THE decision to grow wall-to-wall barley this winter looks like paying off for Darling Downs farmers Scott Johnston and his father Leigh, despite the rainfall tap turning off soon after planting.
Most of the 260 hectares of barley the Johnstons had in on their Oakey farm Dunkeld this season was grown under irrigation, which kept the crop ticking along despite a very dry winter.
"The reason we went all barley was we have had a lot of summer crops over the past two years and wanted to get into a winter crop rotation," Scott Johnston said.
"There are a lot of dairy farmers and feedlots around us, so barley is always a better option for us because we can do silage, hay or take it through to grain."

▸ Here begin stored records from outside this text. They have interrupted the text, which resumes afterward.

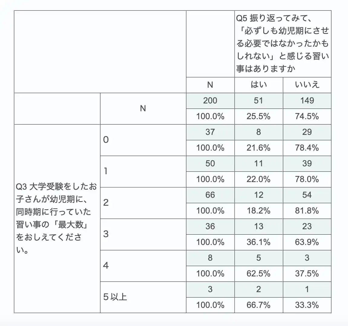 | 幼児期に同時期で行っていた習い事の最大数と後悔の有無を分析したところ、以下の傾向が見られました。 | |||
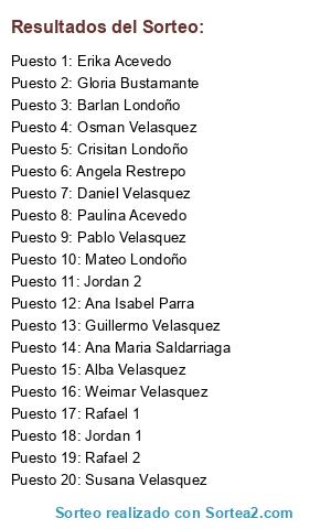 Lista de participantes: Alba Velasquez, Osman Velasquez, Barlan Londoño, Rafael 1, Guillermo Velasquez, Mateo Londoño, Erika Acevedo, Gloria Bustamante, Jordan 2, Pablo Velasquez, Weimar Velasquez, Rafael 2, Crisitan Londoño, Ana Isabel Parra, Angela Restrepo, Paulina Acevedo, Ana Maria Saldarriaga, Daniel Velasquez, Susana Velasquez, Jordan 1.
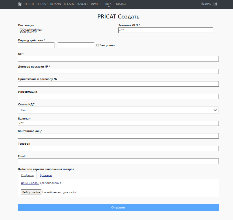 Создание «Прайс-листа» из Excel-шаблона на FS EDI.
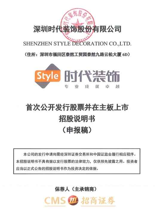 深圳时代装饰股份有限公司(下称“时代装饰”)拟登陆深市主板,本次拟公开发行的股份数量为3,733.21万股,量占发行后公司股份总数的比例不低于25%,保荐机构为招商证券。
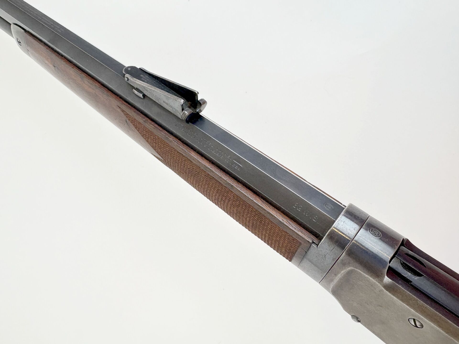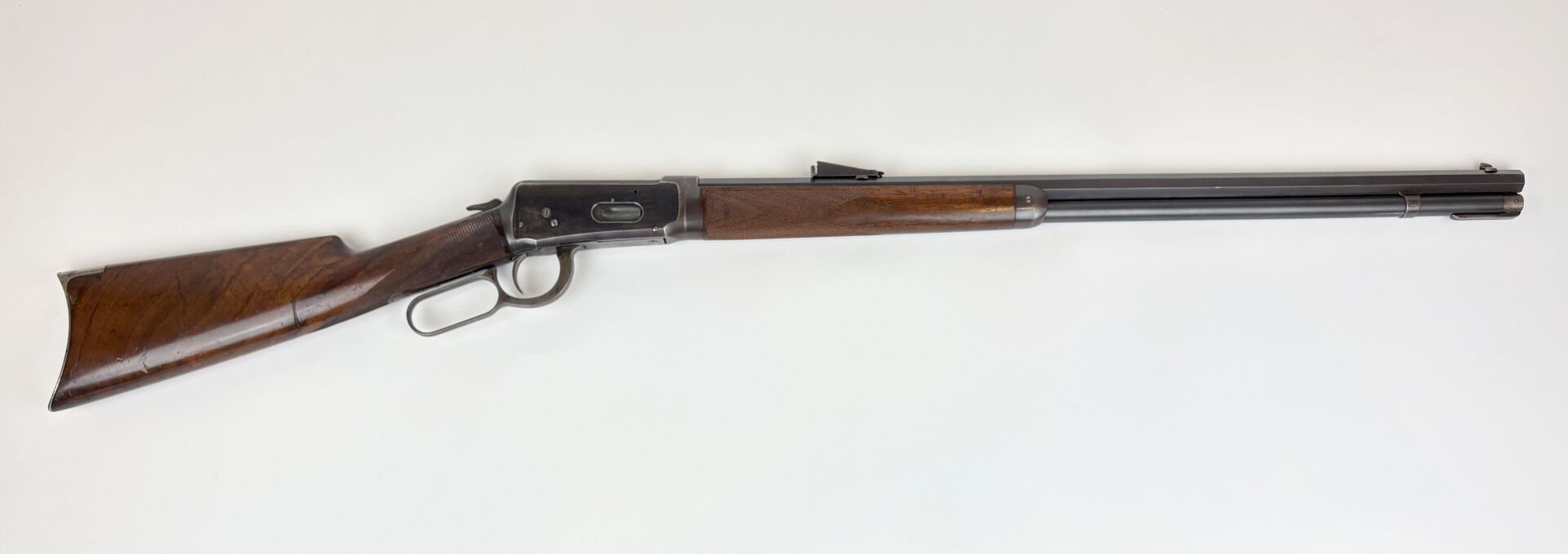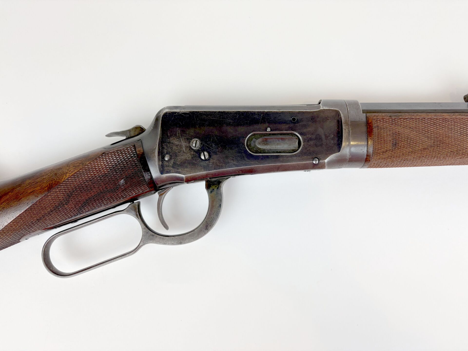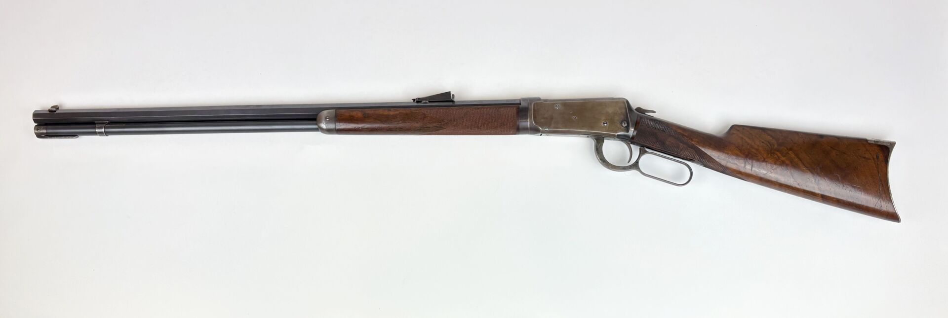 Joli rifle take down Winchester modèle 1894, calibre 32 WS, numéro 396075 (fabrication 1906). Canon octogonal de 26 pouces, hausse brevetée winchester à crans réglables par pression du pouce. Marquage sur deux lignes sur le plat du canon à l’avant de la hausse et sur la pan gauche à l’arrière de la hausse marquage « nickel steel barrel espacialy for smockeless powder ». Le plat du canon et le sommet de la chambre portent face à face un poinçon oravel portant les initiales « WP ». Le tube magasin se dévisse lorsqu’on déverrouille un levier replié sur ce dernier, le dévissage du tube magasin permettant de faire pivoter l’avant de la carabine pour la démonter par le truchement d’un filetage interrompu. Bronzage d’origine ayant très légèrement viré au tabac par endroits, crosse anglaise en noyer choisi vernis et quadrillé à la poignée (on retrouve la même quadrille sur le devant). Plaque de couche incurvée en acier avec restes de trempe au paquet. Mécanisme fonctionnel, canon aux rayures parfaites.
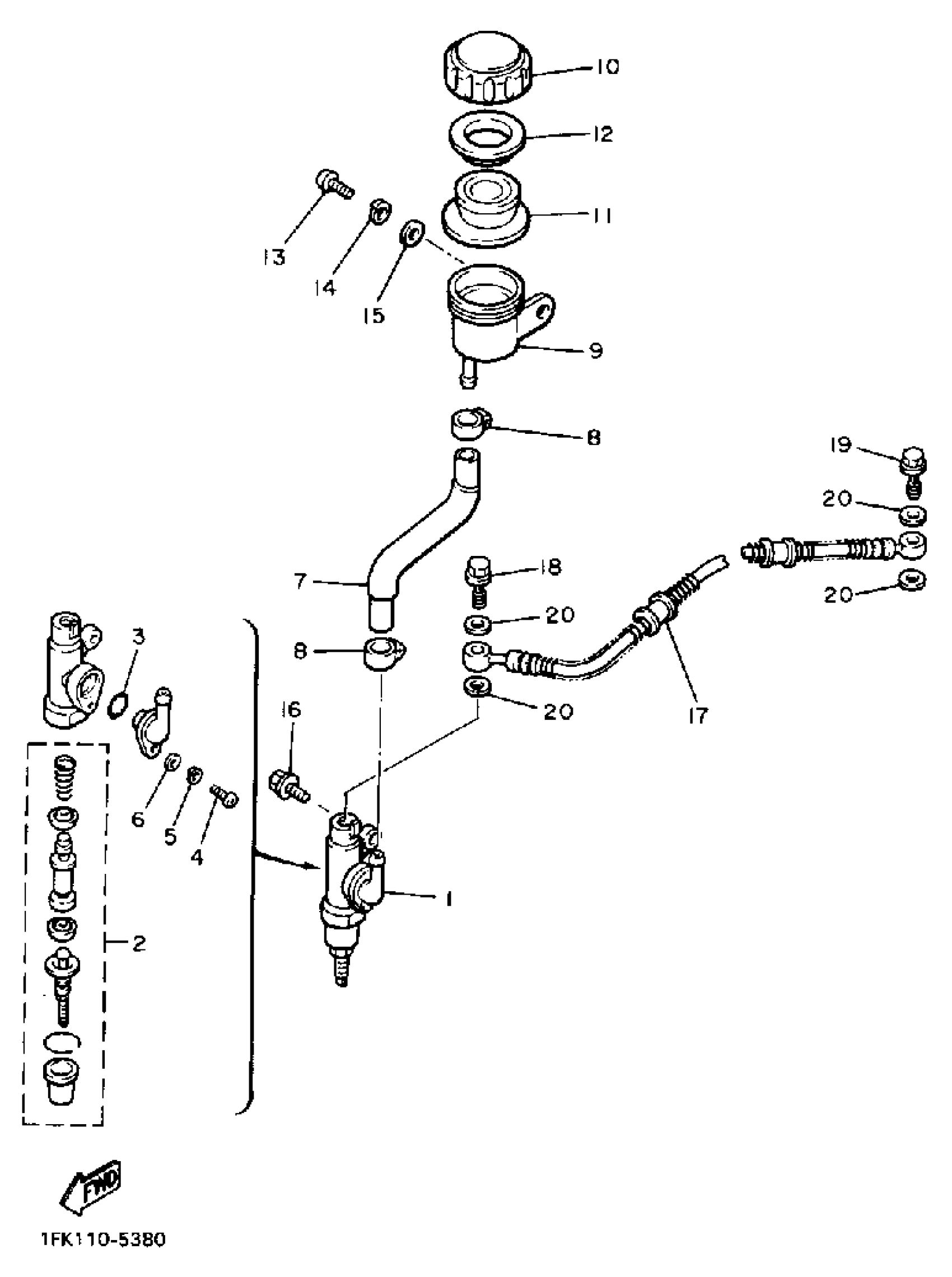 Yamaha VMX12WC (V-MAX 1200 CA) 3JP2 1989 REAR MASTER CYLINDER Diagram

The Johnstons have already made silage out of some of the crop, and will end up cutting 160ha for fodder and running the remaining 100ha through to grain harvest.

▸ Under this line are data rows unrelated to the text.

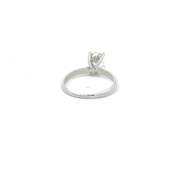 A 1.00 carat cushion shaped diamond in a 14K white gold setting.
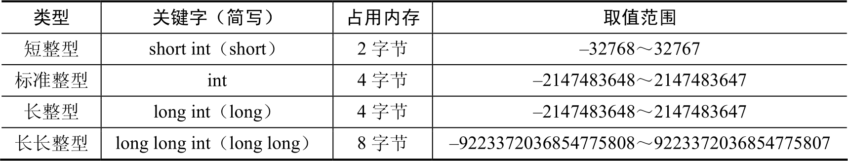 表2.1 整型的内存大小和取值范围
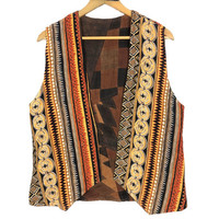 Vintage Patchwork Cutaway Reversible Vest Navajo Pattern
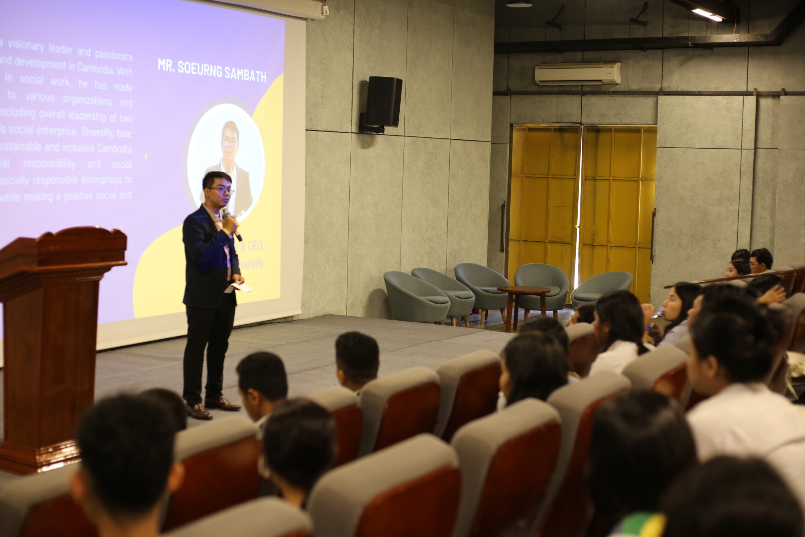 នៅក្នុងវេទិកាសន្ទនាយុវជនកម្ពុជា “តម្រង់ទិសខ្លួនឯងឆ្ពោះទៅរកភាពជោគជ័យនៅថ្នាក់ឧត្តមសិក្សា និងមាគ៌ាអាជីពដំបូង” រៀបចំឡើងដោយ Giversify កាលពីថ្ងៃទី០៨ ខែធ្នូ ឆ្នាំ២០២៣កន្លងទៅ លោក សឿង សម្បត្តិ ស្ថាបនិក Giversify មានប្រសាសន៍ថា លោកចង់ឃើញយុវជនក្លាយជាអ្នកដឹកនាំដែលគិតគូរពីទំនួលខុសត្រូវសង្គមរួមគ្នា (CSR) នៅថ្ងៃអនាគត។
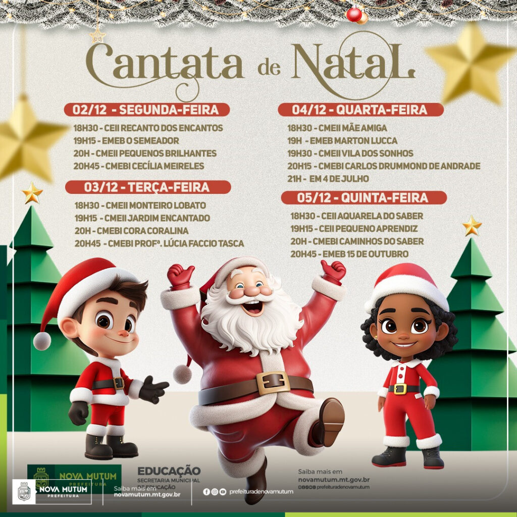 Esta é a 3ª edição da Cantata Escolar de Natal um símbolo do amor e da celebração da vida, refletindo o verdadeiro significado do Natal. Ao longo destes quatro dias, as famílias poderão acompanhar as apresentações natalinas dos alunos da rede municipal, desde a Educação Infantil até o 5º ano. Cada dia trará uma nova surpresa, com cada unidade escolar apresentando sua própria interpretação única desta temporada alegre.
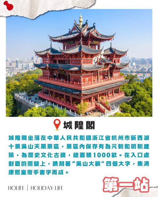 城隍阁坐落在中华人民共和国浙江省杭州市新西湖十景吴山天风景区,景区内保存有为元朝和明朝建筑,为历史文化古迹

Mr Johnston said the main threat to their irrigation enterprise - which was based on six bores, a 900-megalitre ring tank and two centre-pivot irrigators - was the dramatic rise in electricity costs over recent years.
"The cost of electricity to pump the irrigation water out of the ground is slowly killing us at the moment," he said.

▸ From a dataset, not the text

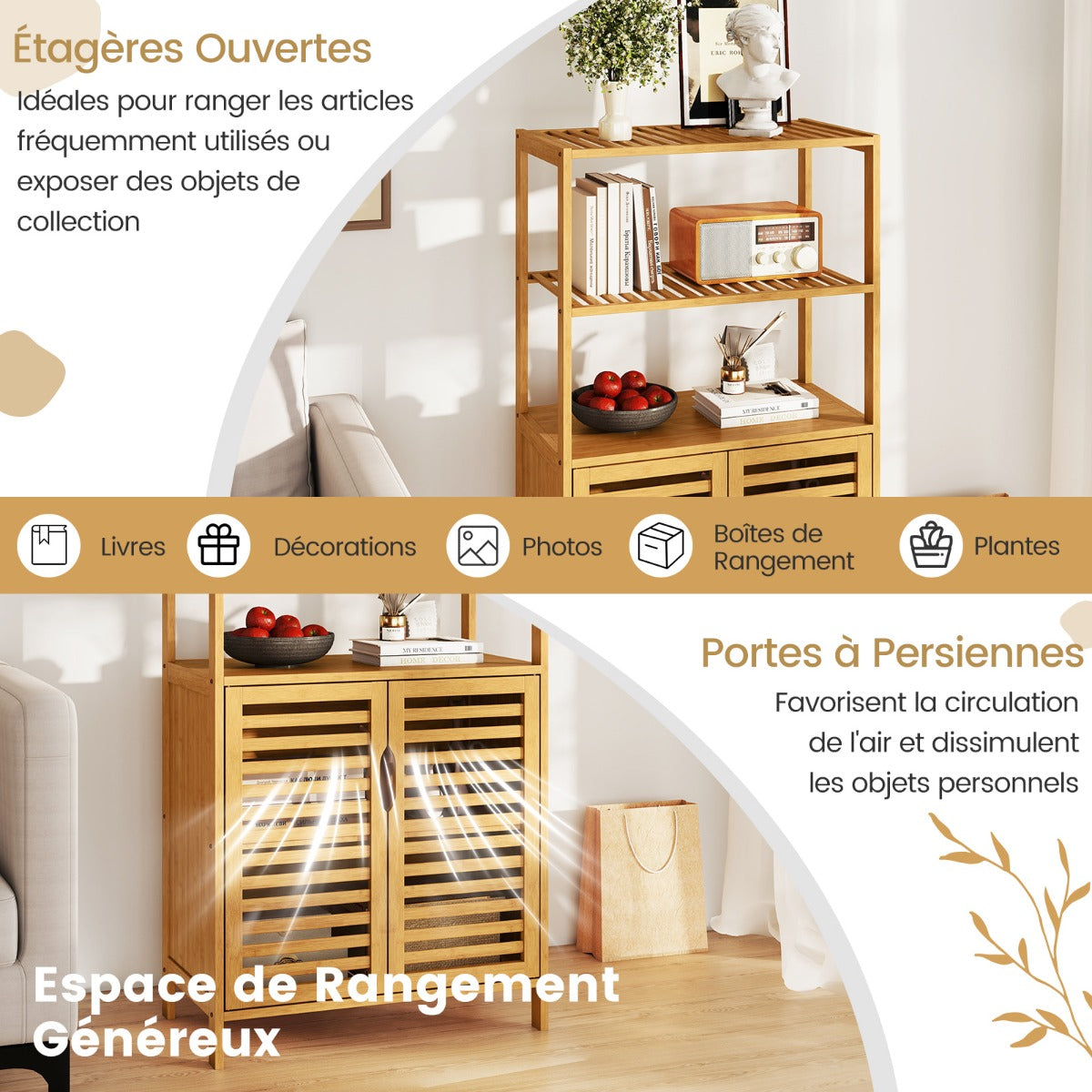 Made of premium bamboo material, this cabinet is built to last while ensuring visually appealing. The open shelves provide ample storage spacefor books, plants, storage boxesand decorative items. Below, a 2-door cabinet is designed to keep your space clutter-free. Safety is a priority with our cabinet that includes an anti-toppling kit. The natural bamboo finish brings an airy feel to any interior setting, be it in the living room, study, kitchen, or office. Bullet Point: High Quality Bamboo Cabinet:Crafted from natural bamboo material, known for its high strengthand durability, the cabinet is a reliable addition to your home. Additionally, the well-polished surface allows for easy maintenance. Open Display and Storage Space:With 3 spacious shelves and 2-door cabinet, the bamboo cabinet is ideal for storing frequently-used items or displaying collectibles. The open shelving design also provides easy access for supplies. Louvered Doors:The cabinet features 2 louvered doors to keep items tidy and out of sight, while promoting better ventilation. To enhance convenience, the cut-out handles and magnetic catches ensure easy opening and closing of the doors. Stable and Secure Design:The anti-toppling kit firmly secures the display cabinet to the wall to ensure stability and peace of mind. Additionally, non-slip foot pads enhance stability and protect your floors from scratches. Versatile Storage Solution:Whether used in the living room, study or storing kitchen essentials, this freestanding storage organizer is versatile enough to fit different needs. Its clean lines and natural appearance seamlessly integrate into any room style.
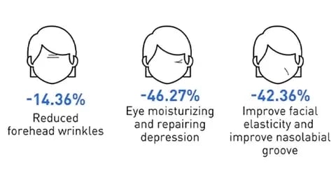 - Fades forehead creases, frown lines, crow's feet, etc.

"It is ridiculous. We had an average year last year and our electricity bill from the bores alone was $35,000. We are only a small business - I'd hate to be a big business."
The Johnstons switched from lucerne hay production to mainly cropping three years ago when the big floods of January 2011 swept across their farm.
"That drowned the lucerne. It was too expensive to get back into, so we have gone back to summer and winter crops."